While manuscripts of the Liber quatuor distinctionum and the Liber particularis exist, the Liber physiognomiae was the only book from the Liber introductorius trilogy to be professionally printed, with a first print of the book being released in 1477. Between the date of its official printing and 1660, the work was reprinted eighteen times in many languages; this popularity of the text led Rudolf Hirsch (a book scholar) in 1950 to call the book one of the Middle Ages' "best sellers". The number of reprints and its wide circulation is attributed in large part to the advent of the printing press in 1440. Among the many reprints, there is little evidence of textual changes, which is unique for manuscripts published and then transmitted in the fifteenth century.
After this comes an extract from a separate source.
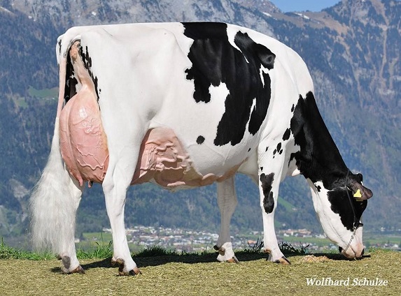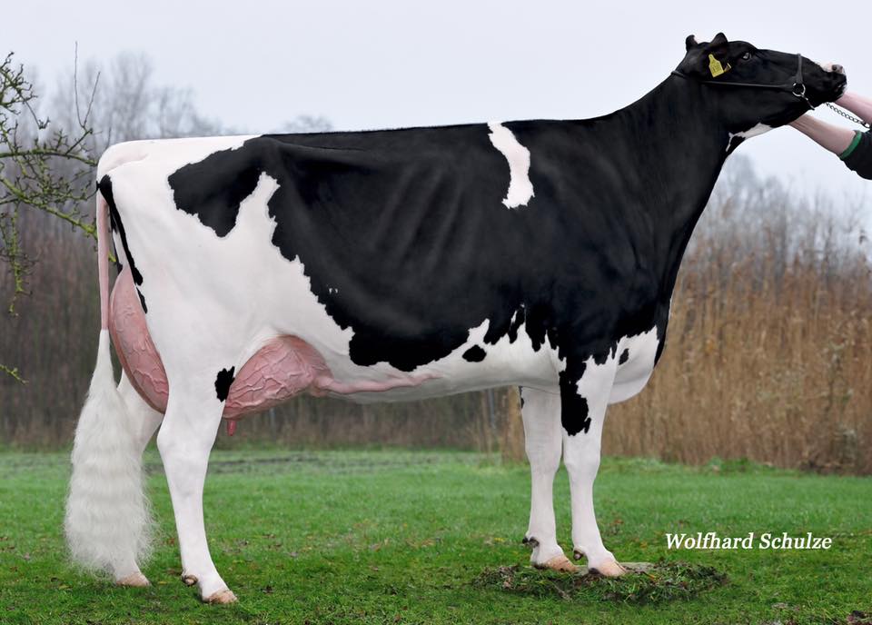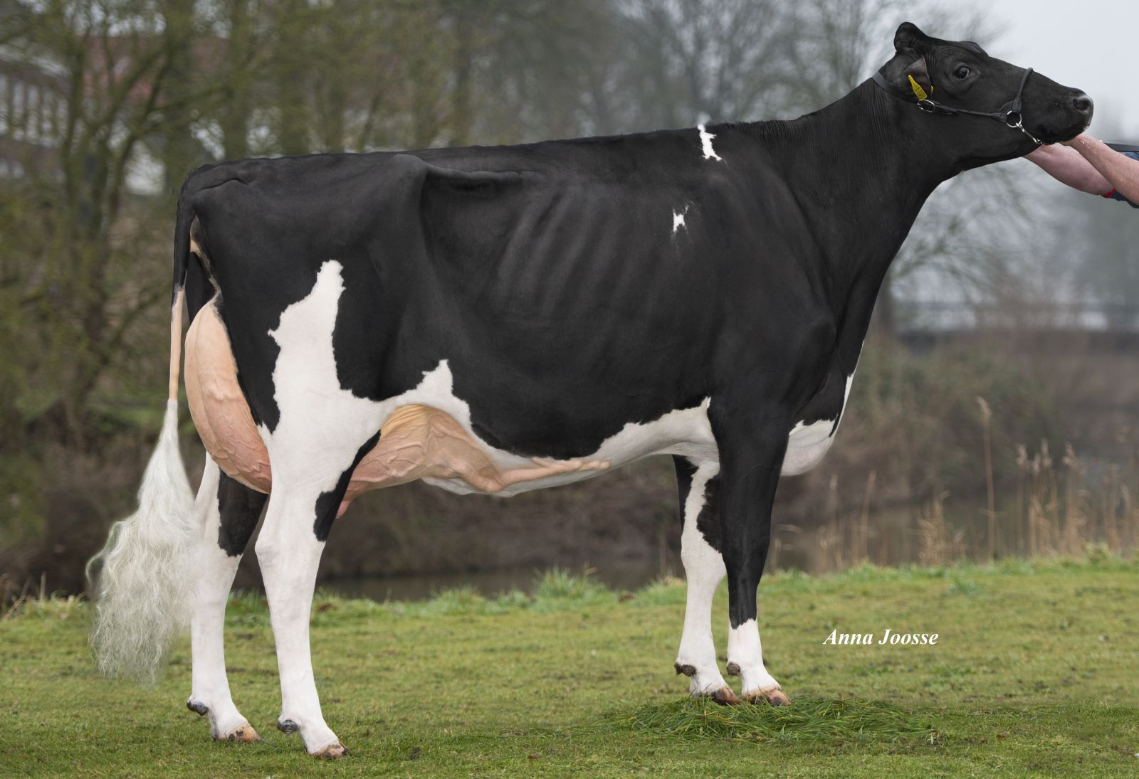 The incredible Wilcor Goldwyn O'Kadabra VG-88-NL 2yr. is recently pictured again, fresh in her 2nd lactation! This amazing Goldwyn daughter was BEST UDDER & HM. 2yr. Old Champion at the National HHH-Show 2016, UDDER CHAMPION & HM. 2yr. Old Champion Wintershow Pesse 2015 and a grand daughter of the one and only Decrausaz O'Kalibra EX-97-CH. O'Kadabra was also topseller of the Schau der Besten Sale 2015 for 35.000 EUR and straight out 3 EXCELLENT dams. Her dam is the SID daughter GS Alliance Sid O'Kamila *RC EX-90-DE, who was successful at the Schau der Besten and has many daughters deliverd who sold for record prices. Grand dam O'Kalibra was 3 times Grand Champion of the Swiss Expo, European Champion in 2013 and was the most infulential cow of Switzerland in 2013. O'Kadabra is already creating her own legacy with Sondeler Kadabra (s. Gold Chip), who was 3rd in her section at the Summershow Beilein '17 and is due March '19.

The Liber physiognomiae was often bundled with other, topically similar texts. For instance, some copies of Scot's book were combined with a work by pseudo-Albertus Magnus entitled De secretis mulierum (Concerning the Secrets of Women), which, according to the Dictionary of National Biography, suggests the opinion of the time was that Scot "dealt with forbidden subjects, or at least subjects better left to medical science." Extracts from the Liber physiognomiae also appear in many early printed versions of Johannes de Ketham's medical treatise Fasciculus Medicinae (although this is not the case for all early copies). Finally, in 1515 a compendium titled Phisionomia Aristotellis, cum commanto Micaelis Scoti was published, which featured the Liber physiognomiae of Scot, alongside physiognomical works by Aristotle and Bartolomeo della Rocca.

==Impact==

According to Porter, Scot's Liber physiognomiae was influential for three main reasons: First, Scot developed a number of physiognomical aphorisms. Given the popularity of the Liber physiognomiae, Scot's new formulations and ideas, according to Porter, "introduce[d] some fundamental changes into the structure and nature of the physiognomical aphorism." (Effectively, what Scot did was add new meanings to various physical features, making the physiognomical signs discussed in the Liber physiognomiae more complex and, as Porter writes, "polyvalent.") Second, Scot developed a "stronger conceptual link between physiognomy, issues of hereditary, embryology, and generation, which he articulated through astrological ideas of conception." Porter argues that this was done because the book was written by Scot to help Frederick II pick a suitable wife (and thus, by extension, produce a suitable heir). Third and finally, Scot's Liber physiognomiae seems to be the first physiognomical work that takes smell into account. According to Porter, this "totalization" of physiognomy—that is, connecting it to a variety of subjects like reproduction and sense perception—was the most dramatic change that occurred in the way that physiognomy was practiced "as it developed in the period between classical Athens and late fifteenth-century Europe".